• PROBLEM DETAILS
The answer is the exact run of lines in the listing below from the line containing "初年度登録 | H26年7月 |" up to and including the line containing "(图二:2023年10-12月襄阳市出口额)", with pictures removed.

---- LISTED ENTRIES

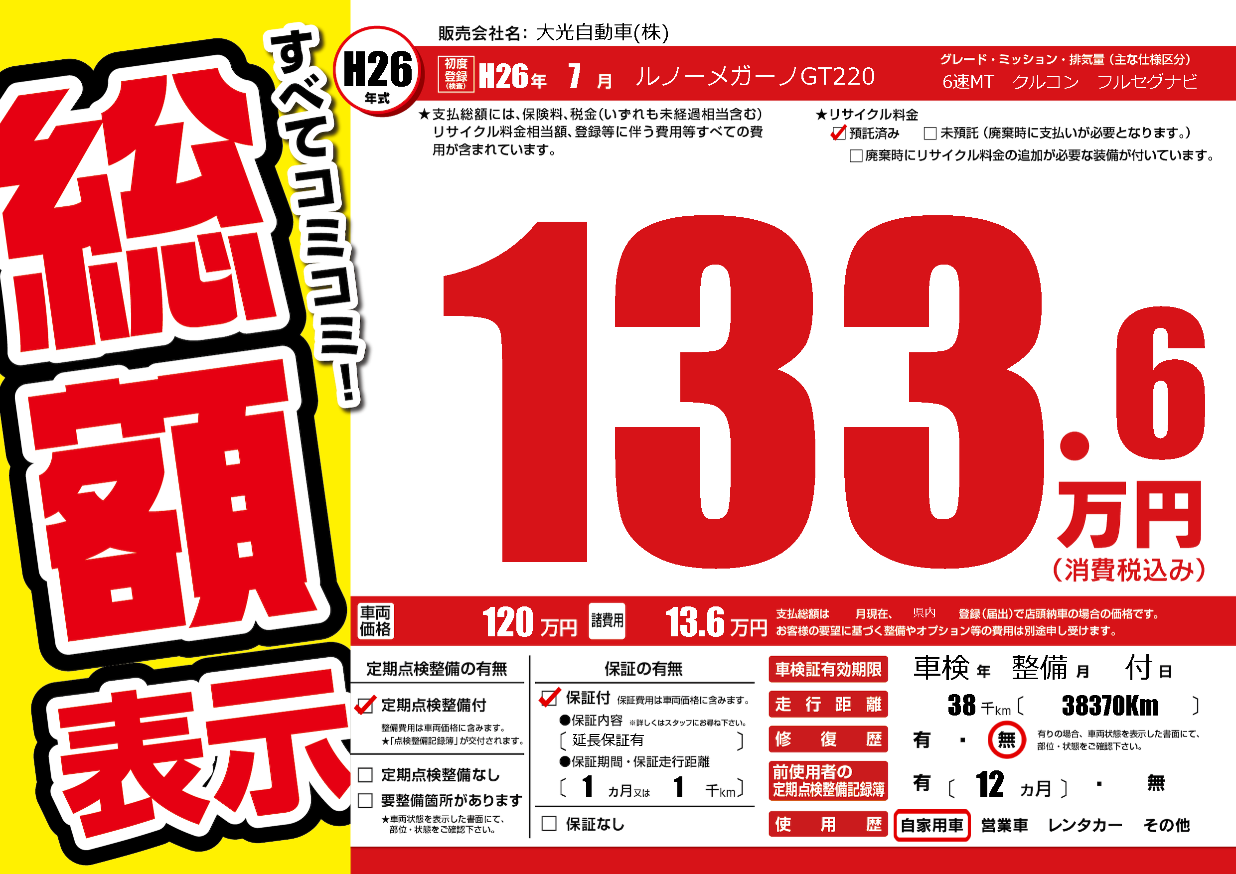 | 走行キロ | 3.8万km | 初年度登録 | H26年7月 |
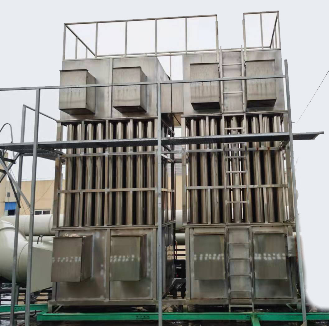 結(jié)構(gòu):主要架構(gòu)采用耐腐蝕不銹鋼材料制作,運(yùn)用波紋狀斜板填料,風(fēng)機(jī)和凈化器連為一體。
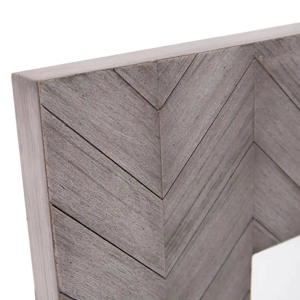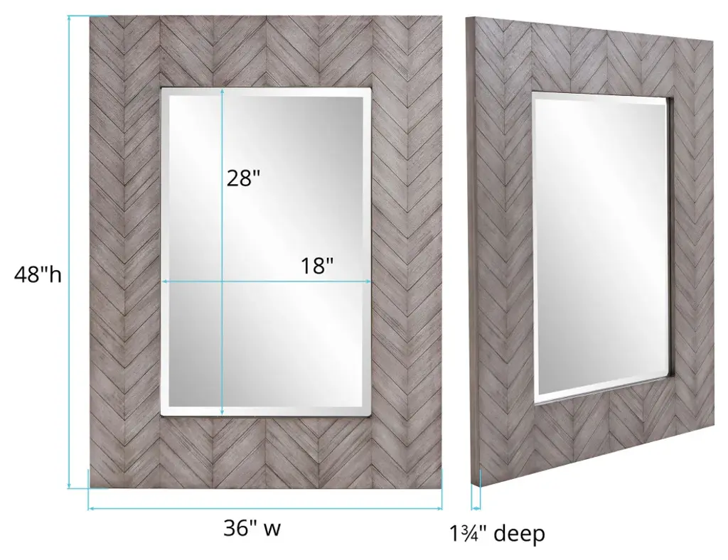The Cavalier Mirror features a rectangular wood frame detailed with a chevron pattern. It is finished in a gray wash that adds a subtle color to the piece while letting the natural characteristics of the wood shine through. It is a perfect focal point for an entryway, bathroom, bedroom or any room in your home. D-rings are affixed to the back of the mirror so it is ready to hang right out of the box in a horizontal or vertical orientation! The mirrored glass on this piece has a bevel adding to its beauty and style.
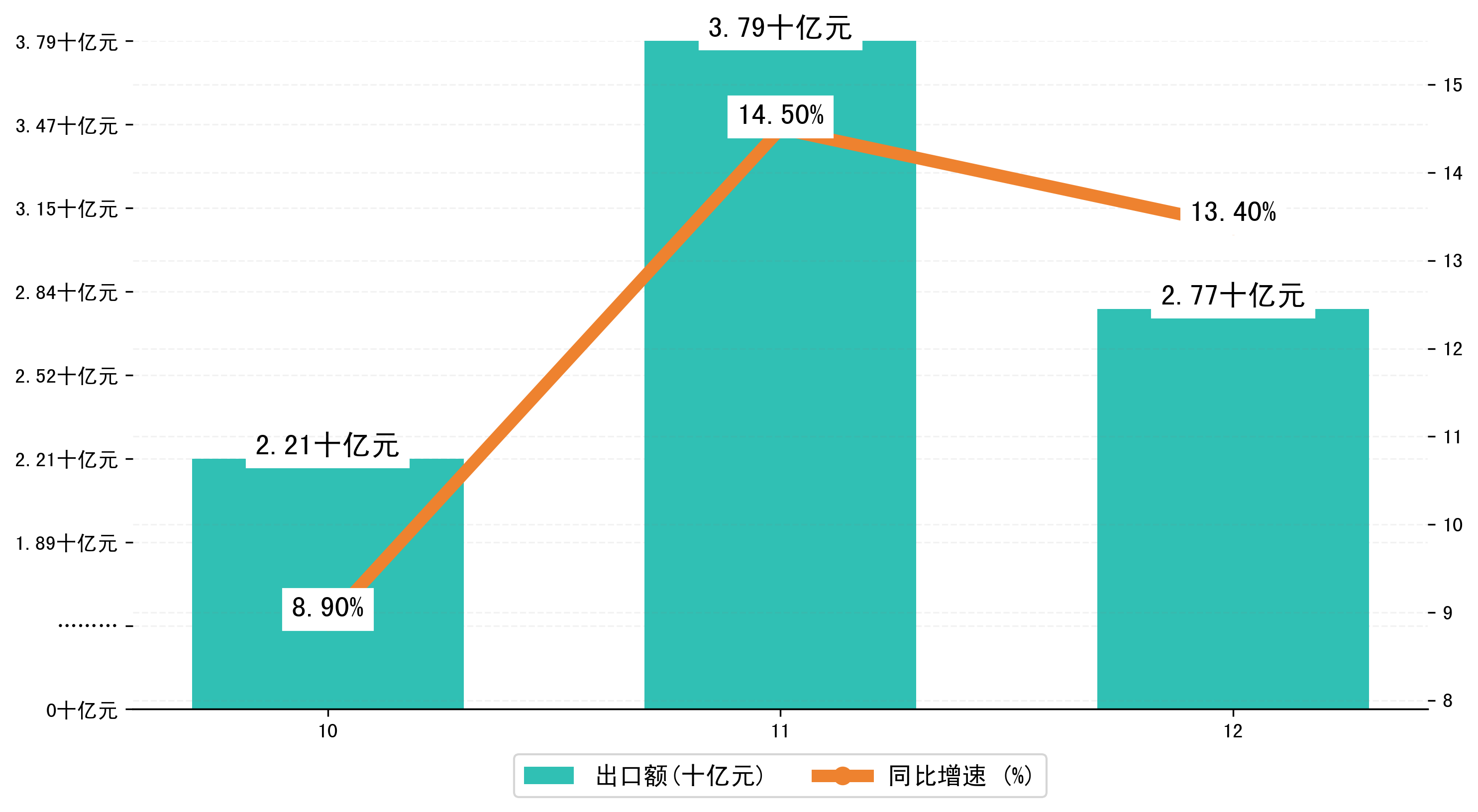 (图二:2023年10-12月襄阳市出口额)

--------
---- LISTED ENTRIES

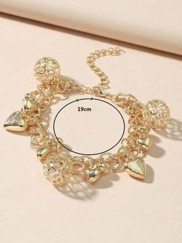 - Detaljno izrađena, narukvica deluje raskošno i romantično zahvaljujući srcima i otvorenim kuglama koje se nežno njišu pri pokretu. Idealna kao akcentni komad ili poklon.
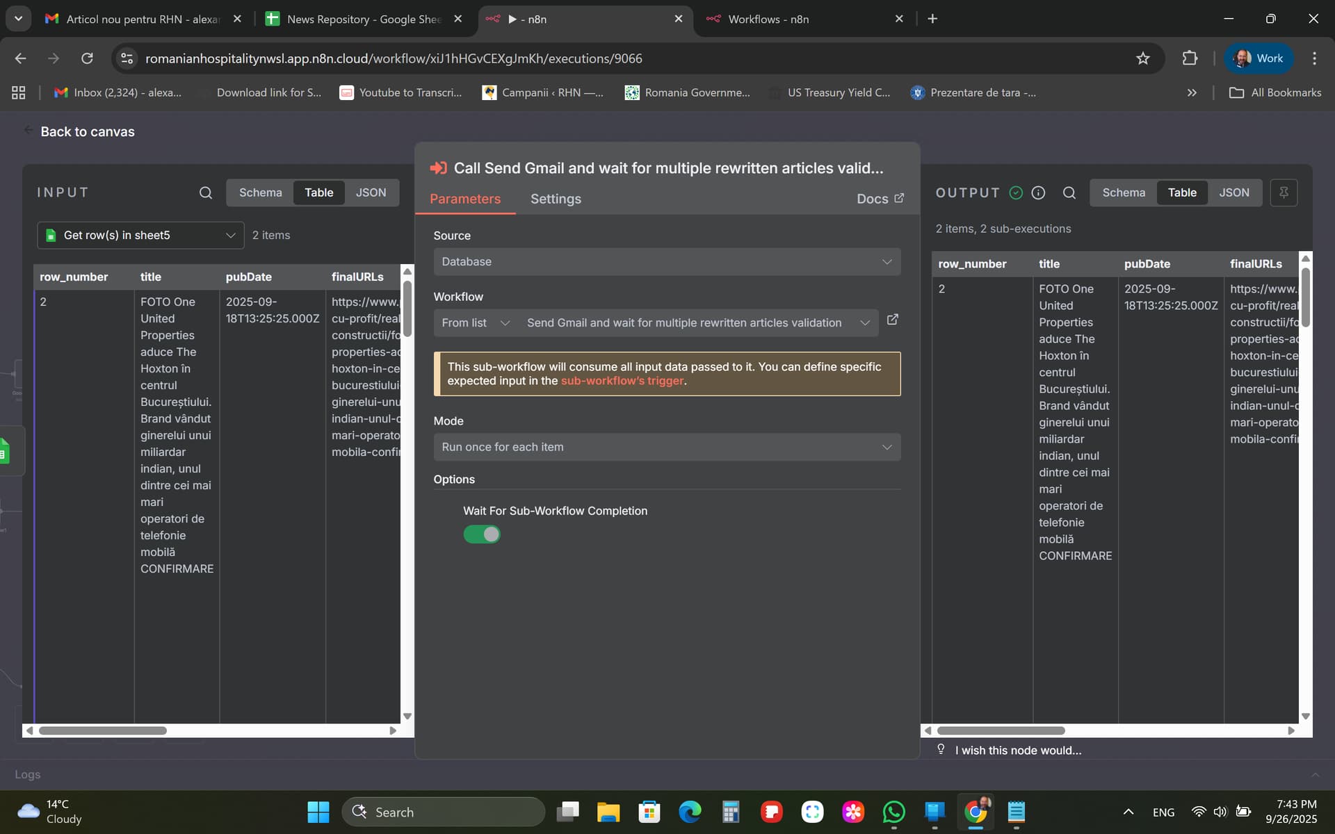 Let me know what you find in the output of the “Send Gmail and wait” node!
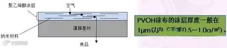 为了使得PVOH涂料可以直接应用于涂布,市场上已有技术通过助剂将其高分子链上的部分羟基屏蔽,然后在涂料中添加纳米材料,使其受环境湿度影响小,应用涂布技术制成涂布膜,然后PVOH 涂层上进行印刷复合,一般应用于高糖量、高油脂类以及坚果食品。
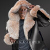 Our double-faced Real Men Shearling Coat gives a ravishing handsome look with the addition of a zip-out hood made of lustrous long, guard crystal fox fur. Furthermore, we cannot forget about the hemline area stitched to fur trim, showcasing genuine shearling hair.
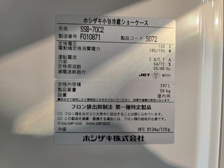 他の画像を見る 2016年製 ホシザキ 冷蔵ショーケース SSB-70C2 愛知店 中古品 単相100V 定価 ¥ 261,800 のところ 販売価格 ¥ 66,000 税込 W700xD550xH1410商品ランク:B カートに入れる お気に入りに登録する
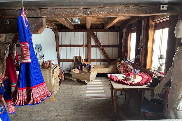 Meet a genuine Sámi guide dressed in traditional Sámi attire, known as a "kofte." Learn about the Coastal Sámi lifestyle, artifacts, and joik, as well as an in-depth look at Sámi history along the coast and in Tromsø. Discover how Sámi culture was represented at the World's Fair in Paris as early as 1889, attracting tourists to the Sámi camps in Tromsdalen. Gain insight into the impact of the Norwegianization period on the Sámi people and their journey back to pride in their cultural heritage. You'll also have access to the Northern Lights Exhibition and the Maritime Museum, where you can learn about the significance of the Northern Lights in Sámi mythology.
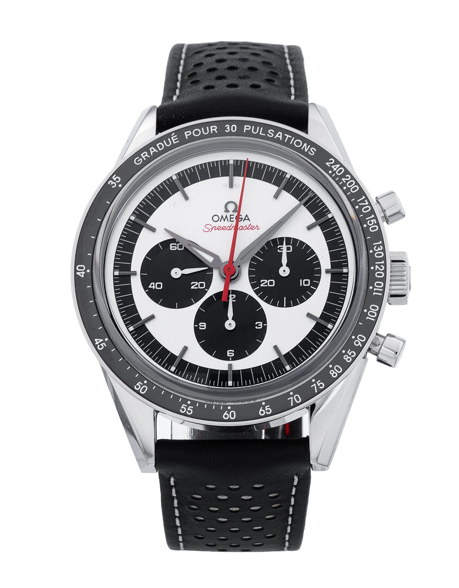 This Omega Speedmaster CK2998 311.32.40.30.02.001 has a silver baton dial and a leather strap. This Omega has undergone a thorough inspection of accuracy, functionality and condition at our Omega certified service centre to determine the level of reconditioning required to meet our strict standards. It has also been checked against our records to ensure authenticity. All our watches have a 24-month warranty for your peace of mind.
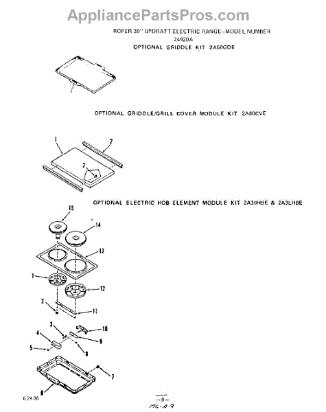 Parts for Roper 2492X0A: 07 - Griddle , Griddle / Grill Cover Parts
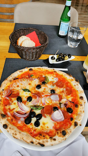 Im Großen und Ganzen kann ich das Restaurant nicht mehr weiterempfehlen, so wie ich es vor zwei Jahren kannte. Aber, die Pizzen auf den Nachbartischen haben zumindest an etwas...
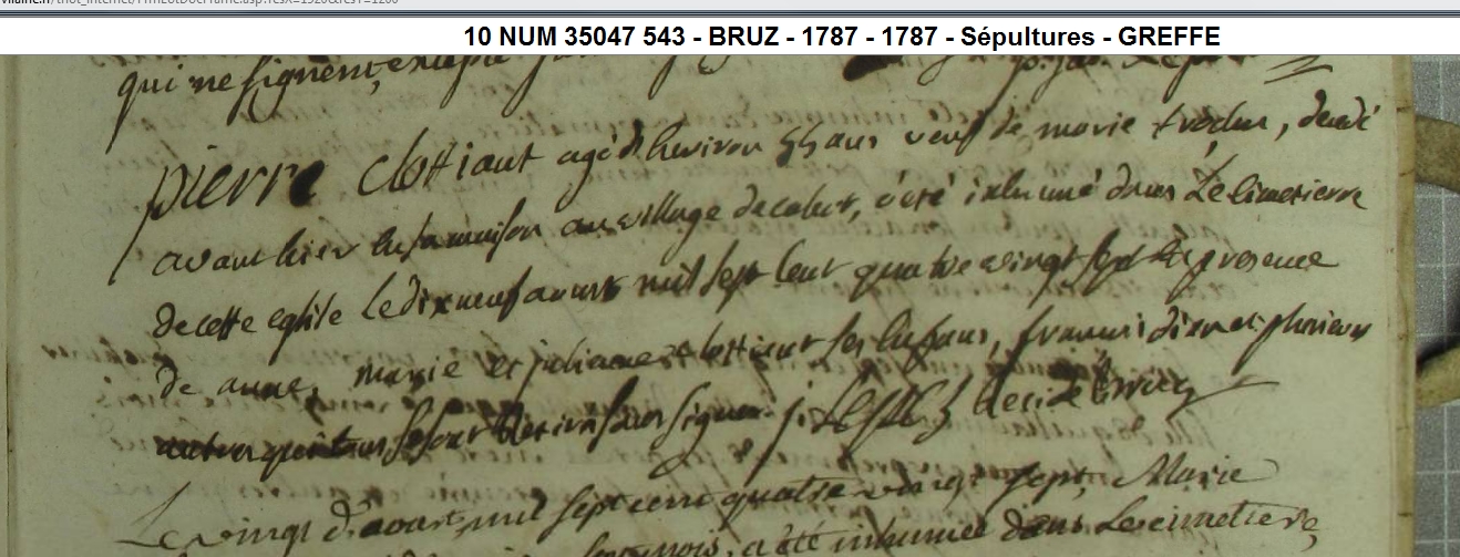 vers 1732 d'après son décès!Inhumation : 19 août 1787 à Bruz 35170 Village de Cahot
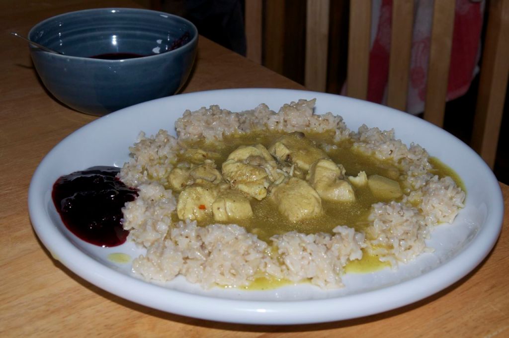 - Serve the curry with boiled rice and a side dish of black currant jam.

--------

• SOLVED PROBLEM
 | 走行キロ | 3.8万km | 初年度登録 | H26年7月 |
 結(jié)構(gòu):主要架構(gòu)采用耐腐蝕不銹鋼材料制作,運(yùn)用波紋狀斜板填料,風(fēng)機(jī)和凈化器連為一體。
The Cavalier Mirror features a rectangular wood frame detailed with a chevron pattern. It is finished in a gray wash that adds a subtle color to the piece while letting the natural characteristics of the wood shine through. It is a perfect focal point for an entryway, bathroom, bedroom or any room in your home. D-rings are affixed to the back of the mirror so it is ready to hang right out of the box in a horizontal or vertical orientation! The mirrored glass on this piece has a bevel adding to its beauty and style.
 (图二:2023年10-12月襄阳市出口额)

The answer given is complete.